The rest of this note is some help in dealing with this menagerie of common competing classifier evaluation scores.

Pictured Right: Stanley Wyatt illustration from “Mathmanship” Nicholas Vanserg, 1958, collected in *A Stress Analysis of a Strapless Evening Gown*, Robert A. Baker, Prentice-Hall, 1963

## Definitions

Lets define our terms. We are going to work with “binary classification” problems. These are problems where we have example instances (also called rows) that are either “in the class” (we will call these instances “true”) or not (and we will call these instances “false”). A classifier is a function that given the description of an instance tries to determine if the instance is in the class or not. The classifier may either return a decision of “positive”/“negative” (indicating the classifier thinks the instance is in or out of the class) or a probability score denoting the estimated probability of being in the class.

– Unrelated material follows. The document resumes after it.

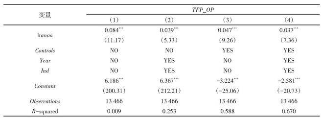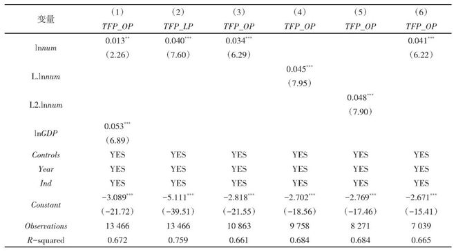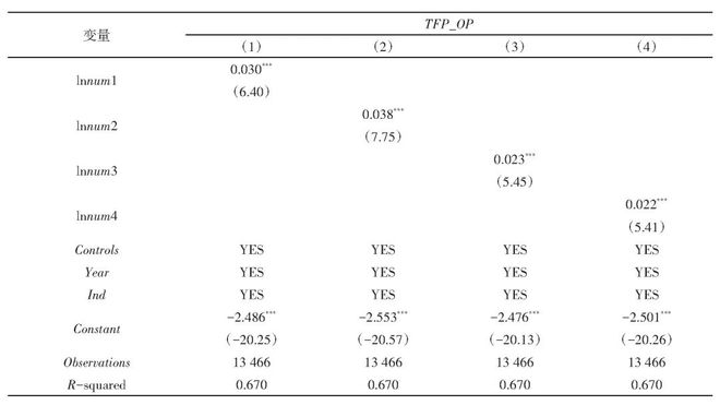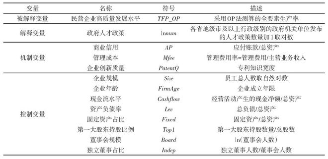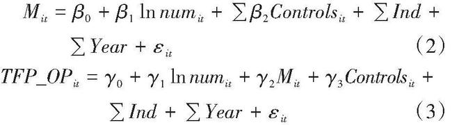 式(1)中:i代表公司;t代表年份;TFP_OPit代表被解释变量企业高质量发展水平;lnnumit代表解释变量人才政策;Controlsit代表控制变量;Ind代表行业固定效应;Year代表时间固定效应;εit为随机扰动项。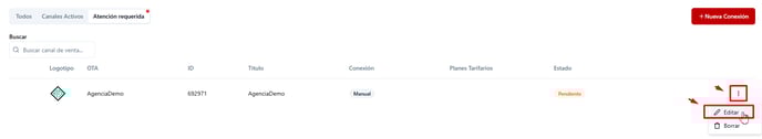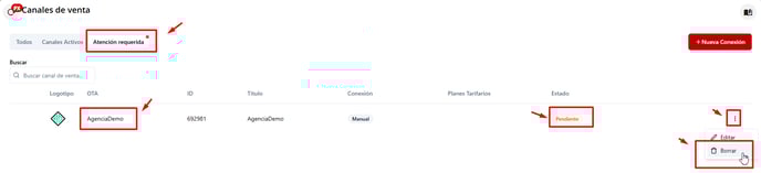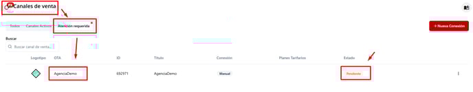 Al hacer clic en "Revisar solicitud", el sistema redirige a la aplicación Canales de Venta, dentro de la sección Atención Requerida. Allí se visualizan todas las solicitudes generadas por los distribuidores turísticos.

## Decision or Hard Classifiers

For decision based (or “hard”) classifiers (those returning only a positive/negative determination) the “confusion matrix” is a sufficient statistic in the sense it contains all of the information summarizing classifier quality. All other classification measures can be derived from it.

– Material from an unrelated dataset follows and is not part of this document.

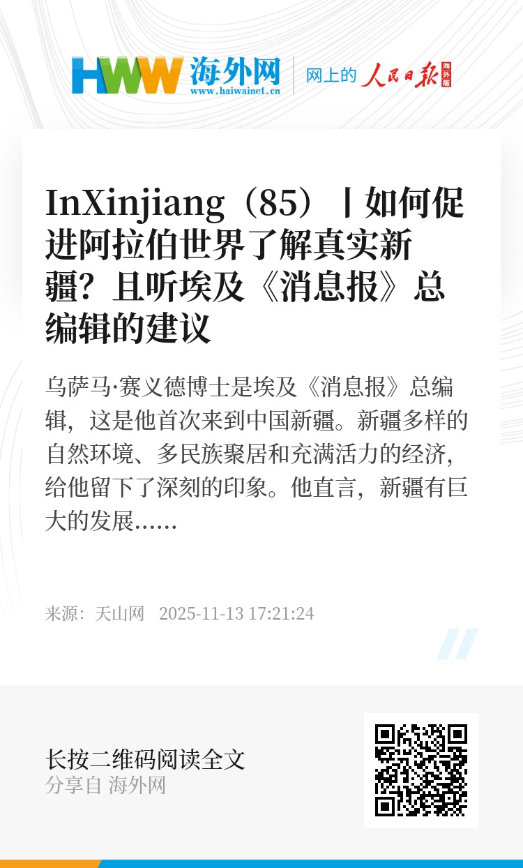 乌萨马·赛义德博士是埃及《消息报》总编辑,这是他首次来到中国新疆。新疆多样的自然环境、多民族聚居和充满活力的经济,给他留下了深刻的印象。他直言,新疆有巨大的发展潜力。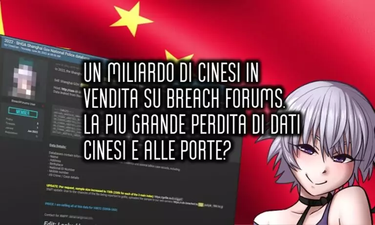 Nel post si è affermato che terabyte di dati e informazioni relative ad un miliardo di cittadini cinesi sono stati resi disponibili a seguito di una fuga di informazioni di un database della polizia nazionale di Shanghai nel 2022.

For a decision classifier (one that returns “positive” and “negative”, and not probabilities) the classifier’s performance is completely determined by four counts:

- The True Positive count, this is the number of items that are in the true class that the classifier declares to be positive.
- The True Negative count, this is the number of items that in the false class that the classifier declares to be negative.
- The False Positive count, this is the number of items that are not in the true class that the classifier declares to be positive.
- The False Negative count, this is the number of items in the true class the that classifier declares to be negative.

Notice true and false are being used to indicate if the classifier is correct (and not the actual category of each item) in these terms. This is traditional nomenclature. The first two quantities are where the classifier is correct (positive corresponding to true and negative corresponding to false) and the second two quantities count instances where the classifier is incorrect.

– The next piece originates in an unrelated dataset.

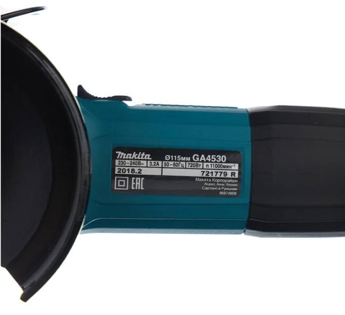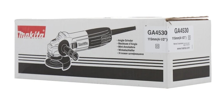 Угловая шлифмашина Makita GA 4530 применяется для выполнения сложных отрезных и шлифовальных работ, а также работ по зачистке металла, камня, кирпича. Инструмент прост в использовании, имеет удобную компактную форму корпуса. Смена дисков и фиксация защитного кожуха производятся без дополнительных инструментов.

It is traditional to arrange these quantities into a 2 by 2 table called the confusion matrix. If we define:

```
library('ggplot2')
library('caret')
```

`## Loading required package: lattice`

`library('rSymPy')`

`## Loading required package: rJython`

`## Loading required package: rJava`

`## Loading required package: rjson`

```
A = Var('TruePositives')
B = Var('FalsePositives')
C = Var('FalseNegatives')
D = Var('TrueNegatives')
```

(Note all code shared here.)

Then the caret R package defines the confusion matrix as follows (see `help("confusionMatrix")`

) as follows:

```
Reference
Predicted Event No Event
Event A B
No Event C D
```

Reference is “ground truth” or actual outcome. We will call examples that have true ground truth “true examples” (again, please don’t confuse this with “TrueNegatives” which are “false examples” that are correctly scored as being false. We would prefer to have the classifier indicate columns instead of rows, but we will use the caret notation for consistency.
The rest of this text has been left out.